Central aortic blood pressure could be helpful in the evaluation of patients with aortic stenosis (AS). The SphygmoCor XCEL device estimates central blood pressure (BP) measurement with its easy-to-use, operator-independent procedure. However, this device has not been properly validated against invasive measurement in patients with severe AS. We evaluated the relationship between cuff-brachial BP, transfer function-estimated and invasively measured central aortic pressure in patients with severe AS before and after transcatheter aortic valve replacement (TAVR). Agreement between techniques was analyzed and, according to the ARTERY Society recommendations, the minimum acceptable error was a mean difference ± SD ≤5 ± ≤8 mm Hg. A total of 94 patients with AS undergoing TAVR had simultaneous non-invasive and invasive measurements of central BP before and after the procedure. Before TAVR central systolic BP was in average slightly underestimated, though with wide variability, when using the default calibration of brachial-cuff SBP (mean difference ± SD, −3 ± 15 mm Hg), and after TAVR the degree of underestimation increased (mean difference ± SD, −9 ± 13 mm Hg).

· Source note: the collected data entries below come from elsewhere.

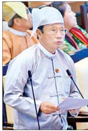
ဒုတိယဝန်ကြီး ဦးလှကျော်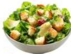
● ภัตตาคาร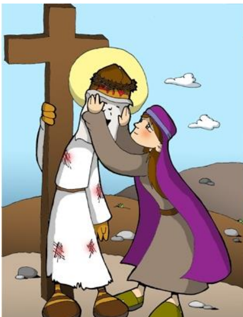
6º ESTACIÓN: LA VERÓNICA ENJUGA EL ROSTRO DE JESÚS

Padre nuestro que estás en el cielo... Señor pequé, tened piedad y misericordia de mí.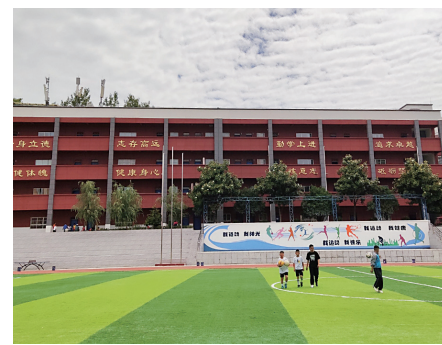
改造后的学校。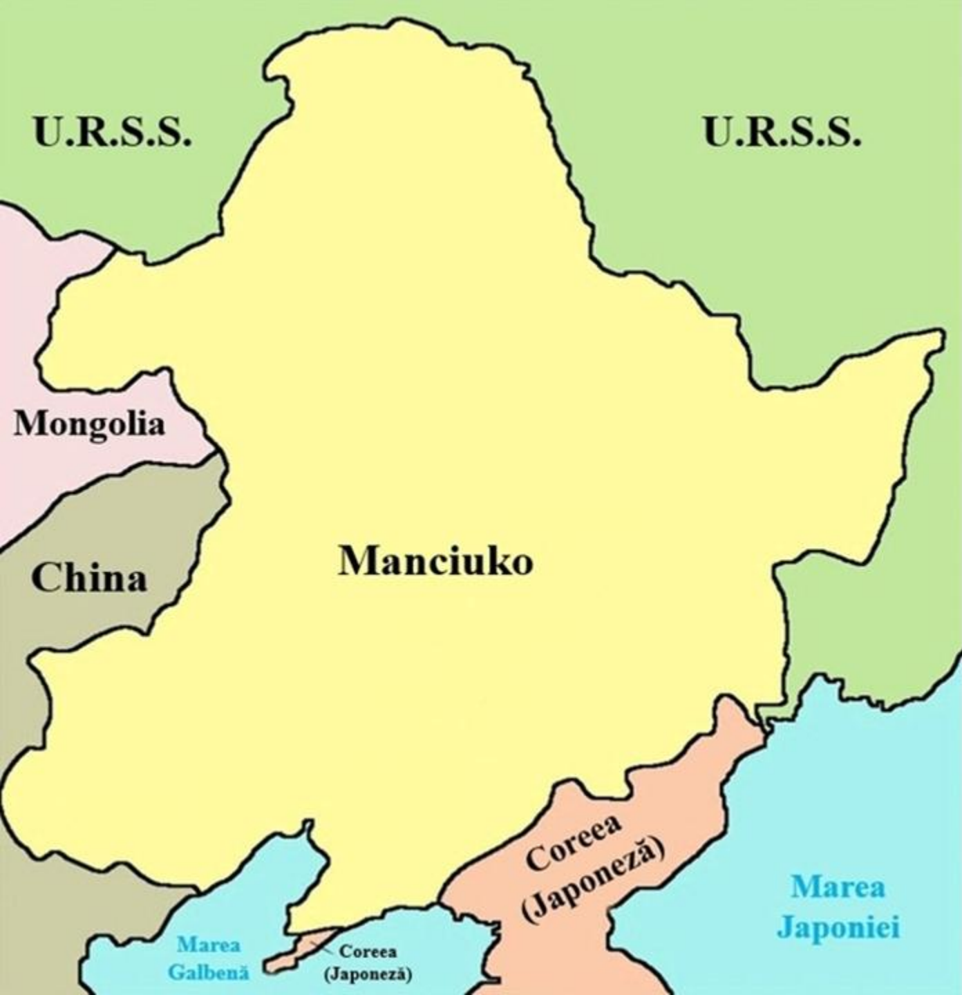
Harta statului-marionetă creat de japonezi în nordul Chinei, Manciuko (1932)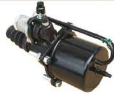
クラッチブースター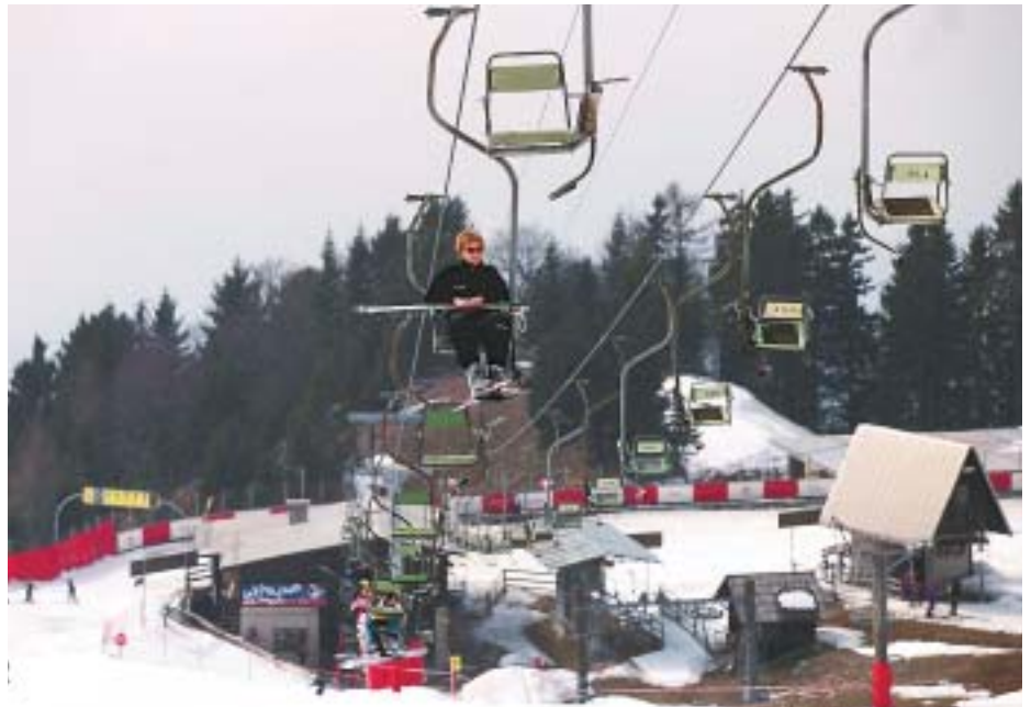
Se Krvavcu obetajo boljši časi?

Te bi morale prve temelje dobiti s podpisom pisma o nameri med občino Cerklje in Uniorjem Zreče na septembrski seji občinskega sveta, vendar pa zaradi nekončanih pogajanj z banko predstavnikov Uniorja ni bilo v Cerklje. "Žal mi je, da se banka in Unior še nista uspela uskladiti o ceni, vsi pa si želimo, da bo do dogovora čimprej prišlo. Unior Zreče kot novi lastnik RTC Krvavca bi bila edinstvena priložnost za nov zagon turizma v občini. Unior se je izkazal kot dober lastnik že na Rogli in ne dvomim, da bi bilo na Krvavcu kaj drugače. Upam, da ne bodo SKB banko premamile kakšne ponudbe iz tujine, saj se zavzemam za slovensko lastništvo, predvsem zaradi dejstva, kako je zamrlo smučišče Golte, potem ko je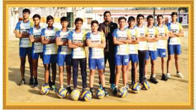
वॉलीबॉल खेल नर्सरी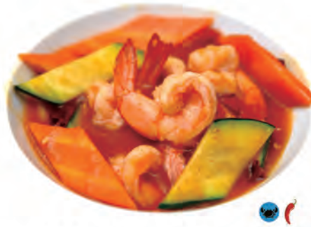
230. GAMBERI THAI gamberi, verdure, salsa piccante thailandese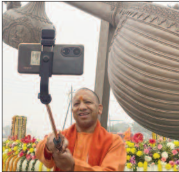
मुख्यमंत्री ने 2 दिसम्बर और 21 दिसंबर को अयोध्या आगमन पर मंदिरों में शोष

पीएम मोदी के आगमन से पहले मुख्यमंत्री योगी आदित्यनाथ ने विकास कार्यों का जायजा लिया। आज उन्होंने हनुमानगढ़ी व रामलला के दर्शन-पूजन किए। संकट मोचन हनुमान व रामलला के दर्शन कर सीएम योगी आदित्यनाथ ने सुखी-स्वस्थ उत्तर प्रदेश की कामना की। इसके पहले रामकथा हेलीपैड पहुंचने पर स्थानीय जनप्रतिनिधियों ने उनका स्वागत किया। इस माह में मुख्यमंत्री का तीसरी बार अयोध्या आगमन हुआ है। इससे पहले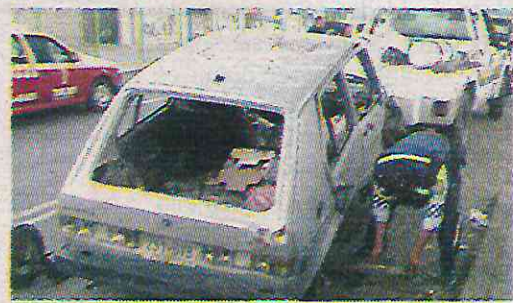
· Aún hay decenas en la vía pública

Algunos de los vehículos son camiones pesados, que incluso bloquean la mitad del ancho de calles estrechas. El 10 de enero, el gobierno de Álvaro Obregón afirmó que retiró vehículos abandonadas en la zona, como parte de su su puesta labor para la "recuperación del espacio público".

The agreement tended to improve for those patients with low aortic gradient stenosis compared to those with high gradient at baseline (mean difference ± SD, −2 ± 11 mm Hg vs. −4 ± 17, respectively, p =.3). The cuff-brachial systolic BP yielded numerically lower degree of agreement and weaker correlation with invasive measurements than SphygmoCor XCEL. In patients with severe AS the SphygmoCor XCEL cuff device, despite showing strong correlation, does not meet the ARTERY Society accuracy criteria for non-invasive measurement of central SBP.